There have been significant changes to U.S. trade policies, treaties and tariffs, and in the future there may be additional significant changes. Existing or new tariffs imposed on foreign goods imported by the United States or on U.S. goods imported by foreign countries could subject us or our portfolio companies to additional risks. Among other effects, tariffs may increase the cost of production for certain of our portfolio companies or reduce demand for their products, which could adversely affect their results of operations. We cannot predict whether, or to what extent, any tariff or other trade protections may affect our portfolio

companies or our business, financial condition or results of operations.

 

We are subject to risks associated with cybersecurity and cyber incidents.

Our internal computer systems and infrastructure and those of our Investment Adviser, strategic collaborators, vendors, contractors, consultants or regulators with whom we share confidential, protected or sensitive data or information, or upon which our business relies, are vulnerable to damage from computer viruses, unauthorized access, misuse, natural disasters, terrorism, cybersecurity threats, war and telecommunication and electrical failures, as well as security compromises or breaches, which may compromise our systems, infrastructure, data or that of those with whom we share such data or information or upon which our business relies, or lead to data compromise, misuse, misappropriation or leakage.

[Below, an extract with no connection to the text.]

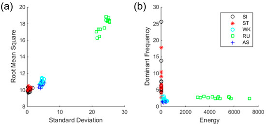 In this recognition scenario, we used four-dimensional input data, and features were extracted from IMU data only. Figure 4 shows average feature values for each subject in time- and frequency-domains, respectively. As shown in the figure, static (SI and ST) and dynamic activities (WK, AS, and RU) are clearly distinguished. However, SI and ST of static activity, WK and AS of dynamic activity are somewhat overlapping, suggesting the difficulty of classification.

We may experience, and from time to time have experienced, cyber attacks on our information technology systems and infrastructure by threat actors of all types (including nation states, criminal enterprises, individual actors or advanced persistent threat groups, among others). In addition to extracting sensitive information, such attacks could include the deployment of harmful malware, ransomware, digital extortion, business email compromises and denial-of-service attacks, social engineering (including phishing attacks) and other means to affect server reliability and threaten the confidentiality, integrity and availability of information, systems or infrastructure.

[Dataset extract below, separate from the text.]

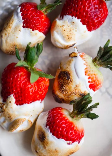 While still holding the strawberry by its top, carefully toast the marshmallow with a kitchen torch until browned and toasty. You can also do this over a gas stove burner, but remove the grate over the burner first. This method is more difficult to control the amount of heat each marshmallow strawberry received; they got darker more quickly and often lit on fire. If you don't mind a real campfire taste, then this works fine. You could also make these over a real campfire.

As our reliance on technology has increased, so have the risks posed to our information systems, both internal and those provided by our Investment Adviser and other third-parties. We, along with our Investment Adviser, have implemented processes, procedures and internal controls to help mitigate cybersecurity risks and cyber-attacks, but these measures, as well as our increased awareness of the nature and extent of the risk of a cyber attack, may be ineffective and do not guarantee that a cyber attack will not occur or that our financial results, operations or confidential information will not be negatively impacted by such an attack. Further, our contracts may not contain limitations of liability, and even where they do, there can be no assurance that limitations of liability in our contracts are sufficient to protect us from liabilities, damages or claims related to our privacy and data security obligations. Further, although we maintain cyber liability insurance, this insurance may not provide adequate coverage against potential liabilities related to any experienced cybersecurity attack or breach.

Furthermore, cybersecurity continues to be a priority for regulators around the world, and some jurisdictions have enacted laws requiring companies to notify individuals and/or regulators of data security breaches involving certain types of personal information. If we fail to comply with the relevant laws and regulations, we could suffer financial losses, a disruption of our businesses, liability to investors, regulatory intervention or reputational damage.